Imperfect music and literature

 

Let's talk about your book, why you have written it and what you think it has to offer.

The book starts with my guide, Kali, and I walking to a place called Dolpo and that's it.. We just walk there and there's no explanation of the motivation behind the journey. That a place like Dolpo is there, that any place is there, that's all the motivation one needs to go somewhere. Also, I think the idea of motivation is misleading. As if there is one thing that makes us do something. I think situations like that are rare and that to frame things within such narrow dimensions constitutes telling very selective lies. I like the book how I did it. You only see the trip. I didn't want to make it into something that was dishonest, that was a replication of the travelers before me. I wanted to make an original book and when I first wrote it wasn't. I think some versions were up to 60,000 thousand words and the final was around 30,000. The initial drafts were full of inauthentic material and immature ego-based observations. Ego-based in terms of what I thought I should be writing-that it should be a spiritual book, a book of reverence, and also a book that comments on everything concerned with Nepal-caste, poverty, environment, religion, modernization. There were also parts where I tried to assert the impossible: that I was experienced, an insider. I don't remember the examples, but I had them in the early drafts.

 

How was the writing process?

It was great. Now that it's over I can say that. Through the process of writing, I grew as a writer, as an interpreter of experience. So many times I tore the book apart and rebuilt it. At one point, a light turned on and I started removing every ungenuine aspect of the text that I could identify and ended up cutting the book in half. Perhaps some of the Buddhism still lacks a genuine quality. Certain aspects of it. Perhaps even the whole basis of going over to Nepal and heading off into the mountains with a Buddhist book was complete cliché. But we start somewhere. It was at least a starting point. But discussions of politics, poverty, obscure religions, or history were irrelevant to the narrative; the facts pertaining to everything, they were also irrelevant. When I began see things in this way I found the book that was there.

 

So during the process of revision the central task was to root out the inauthentic writing and reduce the text to the true elements of the experience. Ten years later I think I got it. There's no more need to write it. I've given all I could to it, as much as the text would allow, in the sense that I've located the book and brought it into being-I mean this not in terms of publication but in terms of creation.

 

Ten years is a long time to write such a thin book.

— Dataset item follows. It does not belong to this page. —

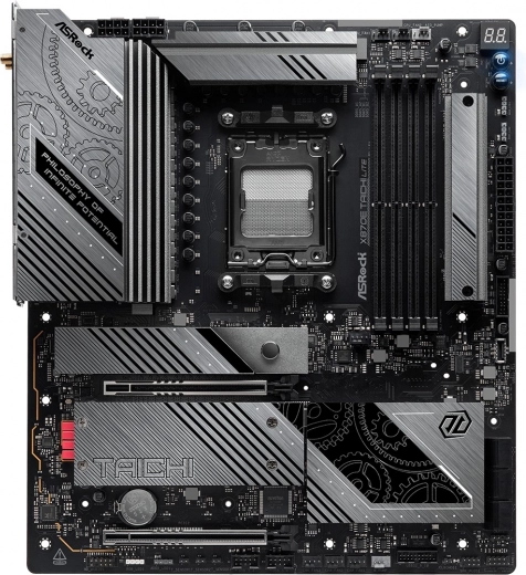 Vrhunska E‑ATX matična plošča za procesorje AMD AM5 združuje vrhunsko zmogljivost in stabilnost: DDR5 s profili XMP/EXPO, PCIe 5.0 za GPU in Blazing M.2, USB4 40 Gb/s, Wi‑Fi 7 in 5GbE LAN. Zahvaljujoč nizkoizgubnemu 8‑plastnemu PCB, kompozitnemu hlajenju VRM in vrhunskim 20K kondenzatorjem 1000 µF ponuja izjemno zanesljivost za igranje, ustvarjanje in profesionalno rabo.

This is what I've been touching on to some degree. One thing I learned is that you have to give to a manuscript, but you also have to take what the manuscript can give, or give what it can take. Something, some kind of inner compass, was directing me to find the core of the manuscript. There was an experience and characters and a setting. Those elements provided the structure of the manuscript and out of that structure came the laws, so to speak, of the manuscript. The legitimacy of the piece and the originality of the writing-whether it would ring authentic or false-depended on an intimate knowledge of the center of the book.

 

One of the keys to good story telling is how intimately you can relate to the story you are trying to tell. To say it another way, wherever you go are you seeing reflections of your story or of the vision driving your writing, your art? Are you seeing and intuiting on a metaphorical level, on a psychological level, on the level of style? It takes time to get to this point, a long time. At least that was the case for me. I used to wonder if I could tell stories. It's one thing to write about an actual experience, but to generate your own stories, to give them life.... But now there's little doubt. Because after trying and trying, after pushing through the long bleak periods, something clicks. Your sight is changed. And the stories are there. There are actually too many of them. Then the dimensions of the problems of a writer change from one of scarcity, near death, to one of an agonizing multiplicity of choice and you are thinking, I've got to make the right decisions and I've got to get it all done.

 

Did you tell everything about the trek?

In several areas, I omitted things for the strength and pace of the narrative. This is a book of nonfiction. The journey happened as I told it. But at the same time, this is story telling, not offering up journal entries to the public.

 

Tell us about Kali Sherpa?

I found him to be intelligent and thoughtful and in touch with his angst. I don't think he was a pretender-pretending to be religious, pretending to be forever happy. I hope that readers will pay attention to his dialogue and the views he expresses about Nepal. If I met him again I would try to mine him for information, for a greater understanding of this part of the world. He was very strong and centered. I feel grateful that I met him. I feel grateful to have had such quality people like him in my life.

 

Are you a Buddhist?

I've never thought of myself as a Buddhist. I think what we call Buddhism or the entirety of Eastern thought, thought like the Hindu Tantric schools, Mahayana Buddhism, Zen, Taoism, whatever you want to choose, I think that these ideas are working in my life, but a Buddhist, no. One of the unseen pillars of Going to Dolpo, one of the foundations of the book, is the idea that identities are immature and regressive, the very height of unsophistication, lack of subtlety, delusion, ignorance. I'm integrating ideas into my life that bear this label of Buddhism. My world view in many ways would be a Buddhist one, the one stated in the book, to realize myself and reality as movement. But these just strike me as genuine ideas, not Buddhist ideas.

 

What is it in Buddhism that appeals to you?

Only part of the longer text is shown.